2 newly launched NASA missions will help scientists understand the influence of the Sun, both from up close and afar
Ryan French, University of Colorado Boulder Even at a distance of 93 million miles (150 million kilometers) away, activity on the Sun can have adverse effects on technological systems on Earth. Solar flares – intense bursts of energy in the Sun’s atmosphere – and coronal mass ejections – eruptions of plasma from the Sun – can affect the communications, satellite navigation and power grid systems that keep society functioning. On Sept. 24, 2025, NASA launched two new missions to study the influence of the Sun on the solar system, with further missions scheduled for 2026 and beyond. I’m an astrophysicist who researches the Sun, which makes me a solar physicist. Solar physics is part of the wider field of heliophysics, which is the study of the Sun and its influence throughout the solar system. The field investigates the conditions at a wide range of locations on and around the Sun, ranging from its interior, surface and atmosphere, and the constant stream of particles flowing from the Sun – called the the solar wind. It also investigates the interaction between the solar wind and the atmospheres and magnetic fields of planets.

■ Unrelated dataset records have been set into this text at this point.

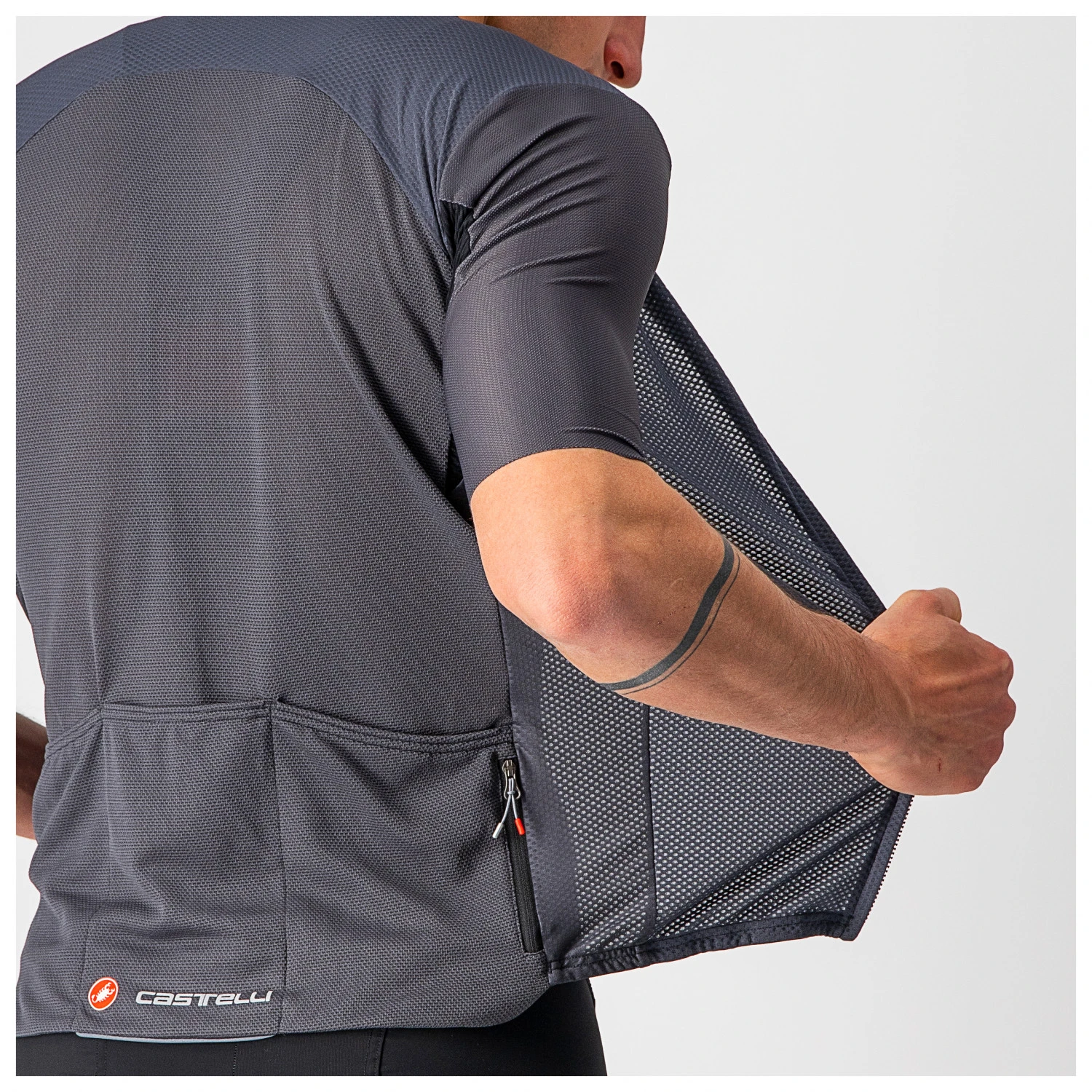 Das Endurance Elite ist eigenen Angaben zufolge Castellis Eines für Alles. Denn -der Name sagt es- für lange Ausfahrten muss die Bekleidung komfortabel sein, es müssen die wichtigsten Mitnehmsel verstaut werden können, und es sollte ein möglichst großer Temperaturbereich abgedeckt werden. Das Gewebe sorgt dafür, dass Du trocken bleibst und so hohen Tragekomfort genießt; das Stretch-Material garantiert, dass das Trikot sehr körpernah sitzt, ohne Dich dabei einzuengen. In einer zusätzlichen vierten, mit einem Reißverschluss gesicherten Rückentasche kannst Du auch Wertgegenstände transportieren. Und ein Silikongripper im Hüftbund sorgt dafür, dass das Shirt rutschfrei sitzt.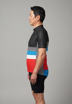 Men's Tri-Stripe Polka Dot Short Sleeve Cycling Jersey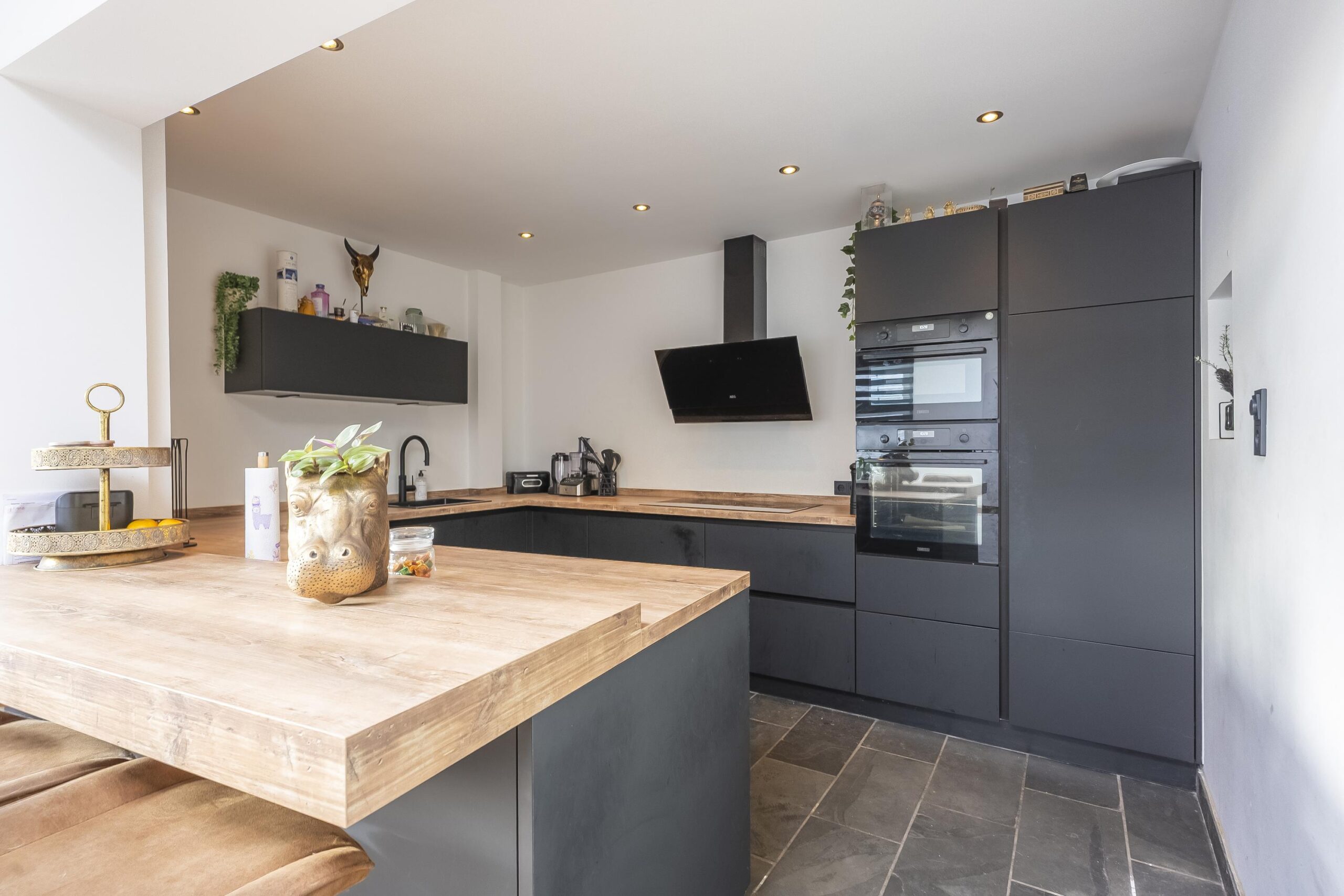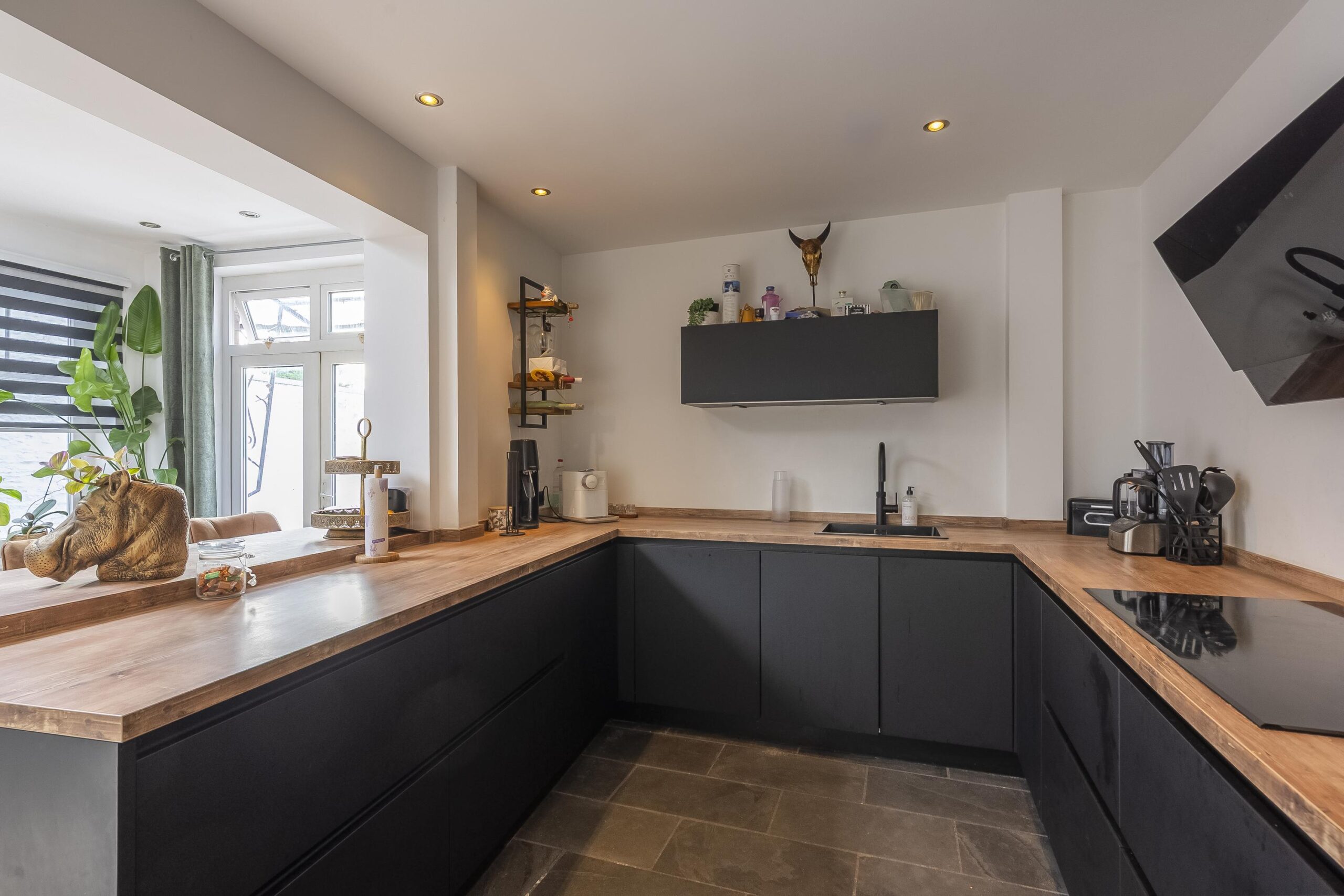 De moderne U-vormige keukenopstelling met ontbijtbarretje is voorzien van de navolgende apparatuur: inductiekookplaat, afzuigkap, vaatwasser, oven, combimagnetron en koelkast.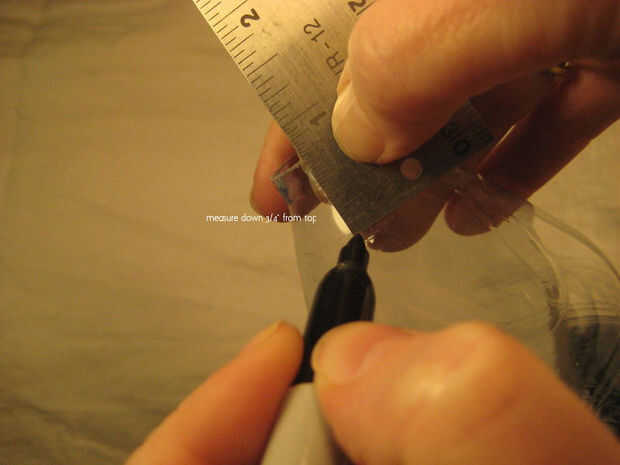 Mida hacia abajo 3/4" de arriba y de marca. Otra marca 2 1/2" de arriba. Ahora medir 1" a través de la forma de huevo como anteriormente en el punto más ancho.
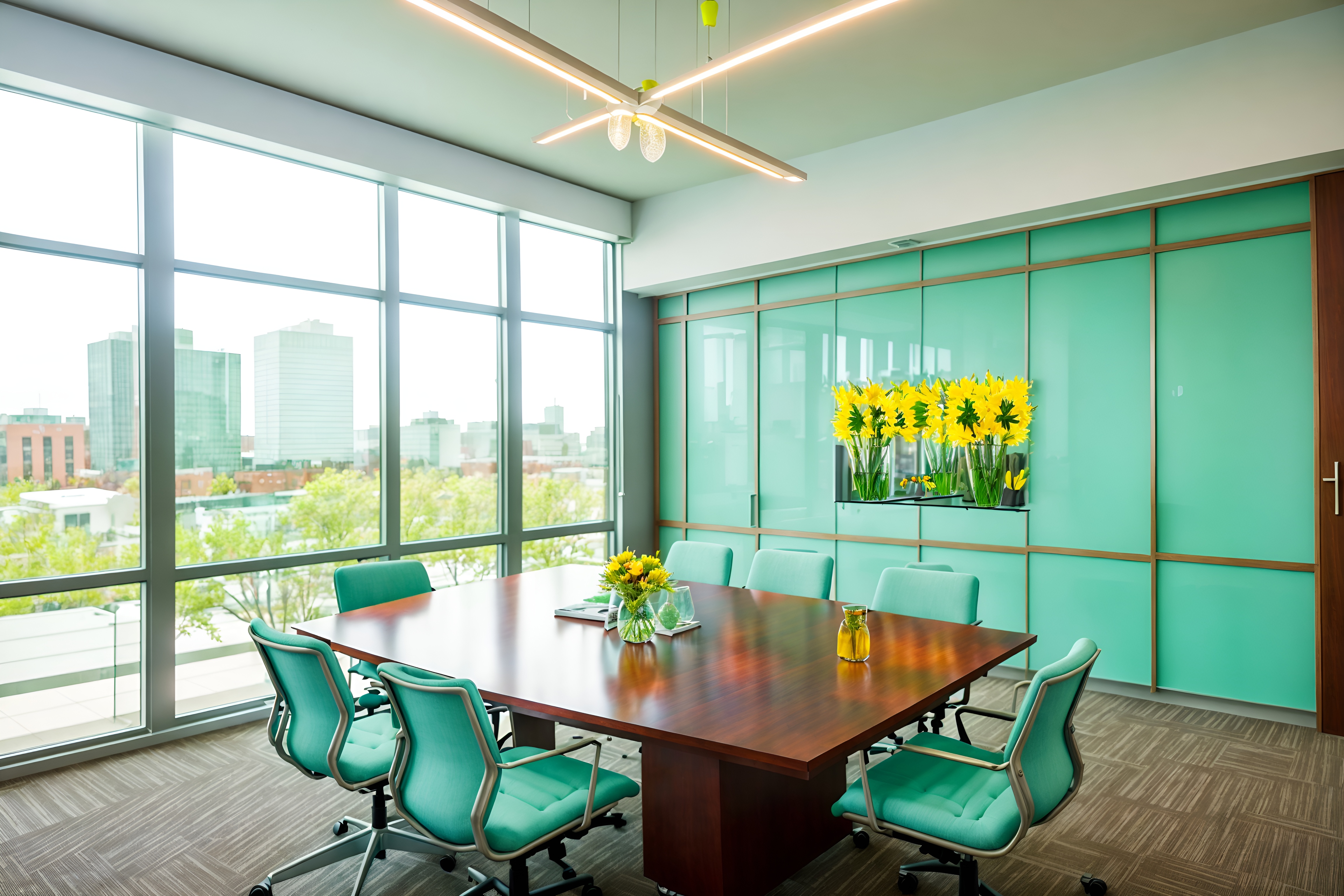 photo from pinterest of easter-style interior designed (meeting room interior) with cabinets and boardroom table and painting or photo on wall and office chairs and vase and plant and glass walls and glass doors. . with spring decorations and flowers on table and colorful easter eggs and easter decorations and light blue colors and spring decorations. . cinematic photo, highly detailed, cinematic lighting, ultra-detailed, ultrarealistic, photorealism, 8k. trending on pinterest. easter interior design style. masterpiece, cinematic light, ultrarealistic+, photorealistic+, 8k, raw photo, realistic, sharp focus on eyes, (symmetrical eyes), (intact eyes), hyperrealistic, highest quality, best quality, , highly detailed, masterpiece, best quality, extremely detailed 8k wallpaper, masterpiece, best quality, ultra-detailed, best shadow, detailed background, detailed face, detailed eyes, high contrast, best illumination, detailed face, dulux, caustic, dynamic angle, detailed glow. dramatic lighting. highly detailed, insanely detailed hair, symmetrical, intricate details, professionally retouched, 8k high definition. strong bokeh. award winning photo.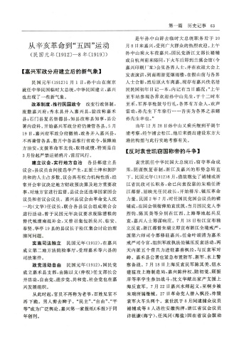 从 辛 亥 革 命 到 “五 四 ”运 动 月 8 日 来 嘉 兴 ,受 到 广 大 群 众 的 热 烈 欢 迎 。上 午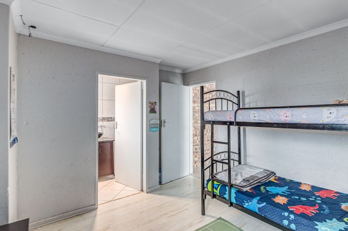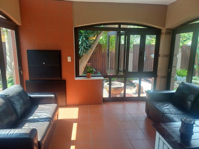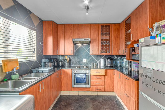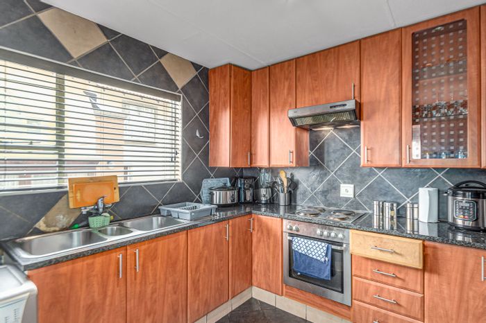 Entertainer's lock-up-and-go living in the heart of Kempton Park, secure complex — seamless indoor-outdoor flow with enclosed patio and built-in braai opening to landscaped garden; three bedrooms, double garage.

The importance of space weather
Heliophysics intersects heavily with space weather, which is the influence of solar activity on humanity’s technological infrastructure. In May 2024, scientists observed the strongest space weather event since 2003. Several Earth-directed coronal mass ejections erupted from the Sun, causing an extreme geomagnetic storm as they interacted with Earth’s magnetic field. This event produced a beautiful light show of the aurora across the world, providing a view of the northern and southern lights to tens of millions of people at lower latitudes for the first time. However, geomagnetic storms come with a darker side. The same event triggered overheating alarms in power grids around the world, and triggered a loss in satellite navigation that may have cost the U.S. agricultural industry half a billion dollars. However, this is far from the worst space weather event on record, with stronger events in 1989 and 2003 knocking out power grids in Canadaand Sweden. But even those events were small compared with the largest space weather event in recorded history, which took place in September 1859. This event, considered the worst-case scenario for extreme space weather, was called the Carrington Event. The Carrington Event produced widespread aurora, visible even close to the equator, and caused disruption to telegraph machines. If an event like the Carrington event occurred today, it could cause widespread power outages, losses of satellites, days of grounded flights and more. Because space weather can be so destructive to human infrastructure, scientists want to better understand these events.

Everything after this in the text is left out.